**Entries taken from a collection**
-- Opening Marker --
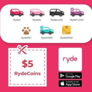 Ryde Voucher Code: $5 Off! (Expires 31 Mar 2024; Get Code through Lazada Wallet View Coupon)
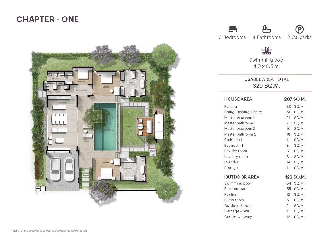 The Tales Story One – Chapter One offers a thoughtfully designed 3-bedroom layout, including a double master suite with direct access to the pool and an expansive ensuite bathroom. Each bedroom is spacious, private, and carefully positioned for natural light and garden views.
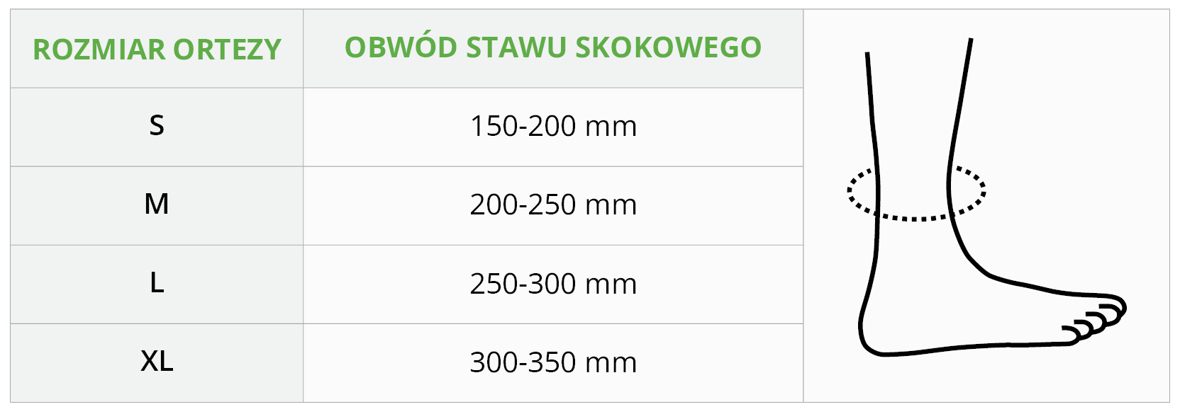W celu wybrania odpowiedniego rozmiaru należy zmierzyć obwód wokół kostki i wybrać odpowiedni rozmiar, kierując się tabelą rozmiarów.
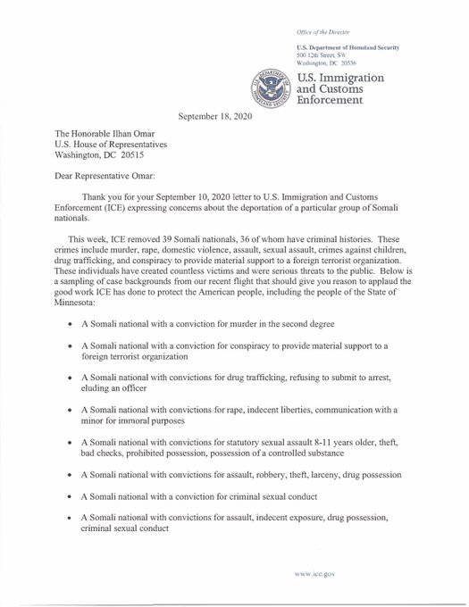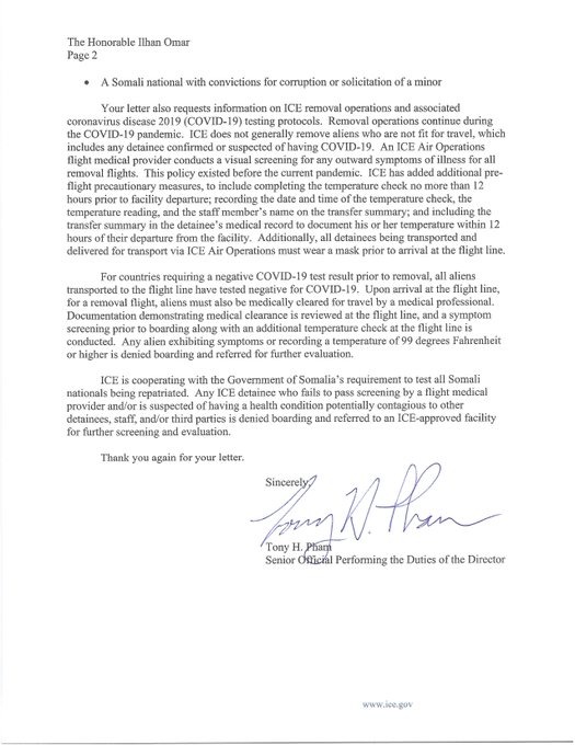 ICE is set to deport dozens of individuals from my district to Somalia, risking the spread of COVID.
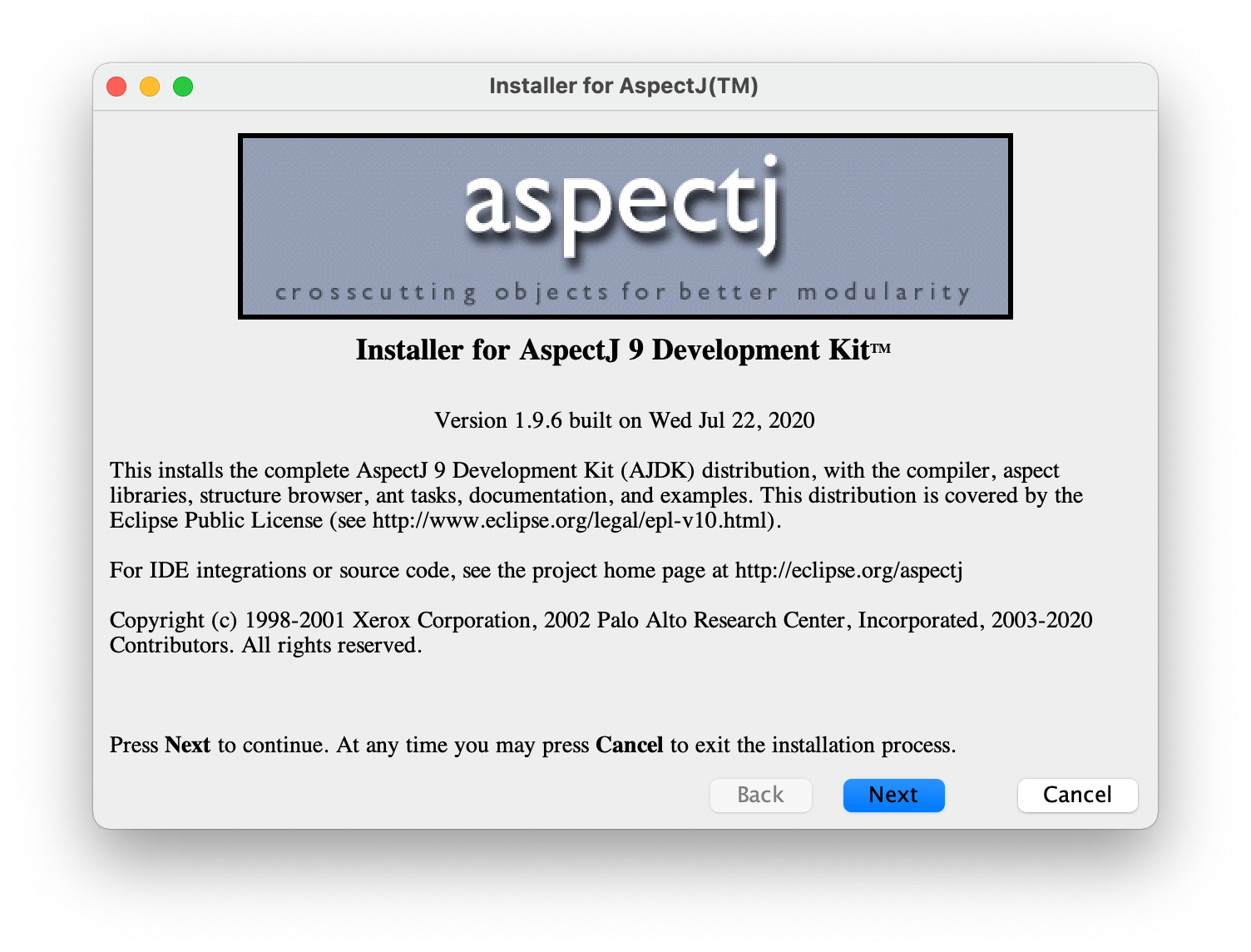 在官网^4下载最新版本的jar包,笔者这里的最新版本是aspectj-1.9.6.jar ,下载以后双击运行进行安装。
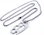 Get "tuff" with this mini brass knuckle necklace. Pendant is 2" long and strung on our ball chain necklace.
-- Closing Marker --
-- Opening Marker --
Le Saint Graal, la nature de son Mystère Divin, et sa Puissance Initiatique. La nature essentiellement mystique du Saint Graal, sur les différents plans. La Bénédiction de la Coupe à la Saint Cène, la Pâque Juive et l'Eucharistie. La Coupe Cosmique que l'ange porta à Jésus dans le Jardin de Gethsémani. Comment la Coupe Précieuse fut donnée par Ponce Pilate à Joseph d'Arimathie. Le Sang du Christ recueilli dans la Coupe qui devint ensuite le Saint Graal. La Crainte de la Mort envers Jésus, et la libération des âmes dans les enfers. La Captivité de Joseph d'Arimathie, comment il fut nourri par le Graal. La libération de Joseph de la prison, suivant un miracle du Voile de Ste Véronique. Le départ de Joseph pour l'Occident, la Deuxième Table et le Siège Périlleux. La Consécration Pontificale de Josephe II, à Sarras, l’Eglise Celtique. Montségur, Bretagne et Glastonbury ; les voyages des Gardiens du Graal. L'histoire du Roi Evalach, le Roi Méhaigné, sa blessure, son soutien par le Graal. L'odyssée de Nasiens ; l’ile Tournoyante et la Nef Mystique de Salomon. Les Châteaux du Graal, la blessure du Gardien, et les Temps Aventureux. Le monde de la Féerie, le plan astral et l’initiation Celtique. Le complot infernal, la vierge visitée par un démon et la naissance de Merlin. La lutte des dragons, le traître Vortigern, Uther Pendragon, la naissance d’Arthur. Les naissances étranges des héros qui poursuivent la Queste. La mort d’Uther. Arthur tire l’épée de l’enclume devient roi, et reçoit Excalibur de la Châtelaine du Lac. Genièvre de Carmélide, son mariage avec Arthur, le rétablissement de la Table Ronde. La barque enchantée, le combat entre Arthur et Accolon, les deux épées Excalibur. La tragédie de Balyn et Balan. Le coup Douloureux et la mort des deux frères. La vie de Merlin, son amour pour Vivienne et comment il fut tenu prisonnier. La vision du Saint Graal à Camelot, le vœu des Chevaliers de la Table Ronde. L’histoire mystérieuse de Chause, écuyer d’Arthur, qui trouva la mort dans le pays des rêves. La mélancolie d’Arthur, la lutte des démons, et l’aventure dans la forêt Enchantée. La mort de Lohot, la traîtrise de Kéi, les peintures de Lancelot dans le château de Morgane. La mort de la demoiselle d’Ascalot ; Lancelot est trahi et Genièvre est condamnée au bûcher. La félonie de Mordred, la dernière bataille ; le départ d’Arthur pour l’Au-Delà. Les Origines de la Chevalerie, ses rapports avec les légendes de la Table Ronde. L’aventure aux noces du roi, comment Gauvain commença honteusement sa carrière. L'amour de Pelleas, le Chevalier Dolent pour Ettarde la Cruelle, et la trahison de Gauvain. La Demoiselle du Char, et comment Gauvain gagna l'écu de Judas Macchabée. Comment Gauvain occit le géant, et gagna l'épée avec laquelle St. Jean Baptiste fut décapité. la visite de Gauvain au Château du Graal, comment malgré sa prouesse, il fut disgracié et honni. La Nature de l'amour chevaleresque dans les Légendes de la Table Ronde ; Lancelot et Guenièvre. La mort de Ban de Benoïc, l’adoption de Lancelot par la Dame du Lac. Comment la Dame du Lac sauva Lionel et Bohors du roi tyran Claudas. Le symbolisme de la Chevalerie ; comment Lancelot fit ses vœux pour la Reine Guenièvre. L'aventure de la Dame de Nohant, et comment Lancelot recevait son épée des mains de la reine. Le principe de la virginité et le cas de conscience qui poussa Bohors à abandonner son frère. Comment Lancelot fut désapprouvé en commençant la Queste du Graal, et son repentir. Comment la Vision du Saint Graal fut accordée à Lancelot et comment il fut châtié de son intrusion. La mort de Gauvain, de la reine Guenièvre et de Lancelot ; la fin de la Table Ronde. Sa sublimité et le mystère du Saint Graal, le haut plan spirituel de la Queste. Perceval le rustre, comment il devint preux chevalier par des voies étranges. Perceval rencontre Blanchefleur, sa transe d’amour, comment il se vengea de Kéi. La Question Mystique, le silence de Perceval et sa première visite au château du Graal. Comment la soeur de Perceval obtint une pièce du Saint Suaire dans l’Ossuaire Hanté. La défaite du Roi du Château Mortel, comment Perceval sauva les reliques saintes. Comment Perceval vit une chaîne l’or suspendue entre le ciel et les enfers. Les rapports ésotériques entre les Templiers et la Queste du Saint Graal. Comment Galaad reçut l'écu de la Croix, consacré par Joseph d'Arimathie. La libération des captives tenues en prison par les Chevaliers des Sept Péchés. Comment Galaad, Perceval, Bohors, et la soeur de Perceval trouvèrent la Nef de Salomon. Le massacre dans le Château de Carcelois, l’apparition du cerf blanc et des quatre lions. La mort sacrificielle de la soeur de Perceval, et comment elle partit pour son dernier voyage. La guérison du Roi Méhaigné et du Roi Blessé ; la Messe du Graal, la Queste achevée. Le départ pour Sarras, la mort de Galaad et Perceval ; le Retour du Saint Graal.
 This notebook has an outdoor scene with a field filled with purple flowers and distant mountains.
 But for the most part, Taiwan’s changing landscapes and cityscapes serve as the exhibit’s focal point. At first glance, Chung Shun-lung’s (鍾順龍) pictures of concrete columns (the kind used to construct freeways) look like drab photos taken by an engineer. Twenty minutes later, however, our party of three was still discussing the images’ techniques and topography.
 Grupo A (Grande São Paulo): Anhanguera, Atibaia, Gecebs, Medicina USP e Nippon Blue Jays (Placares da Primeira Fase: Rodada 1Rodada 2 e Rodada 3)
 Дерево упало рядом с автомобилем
-- Closing Marker --
**YOUR ASSIGNMENT**
Taking the records above, retype every line from the one with "Grupo A (Grande" down to the one with "Дерево упало рядом с автомобилем", exactly and with nothing else.

**RESPONSE BOX**
 Grupo A (Grande São Paulo): Anhanguera, Atibaia, Gecebs, Medicina USP e Nippon Blue Jays (Placares da Primeira Fase: Rodada 1Rodada 2 e Rodada 3)
 Дерево упало рядом с автомобилем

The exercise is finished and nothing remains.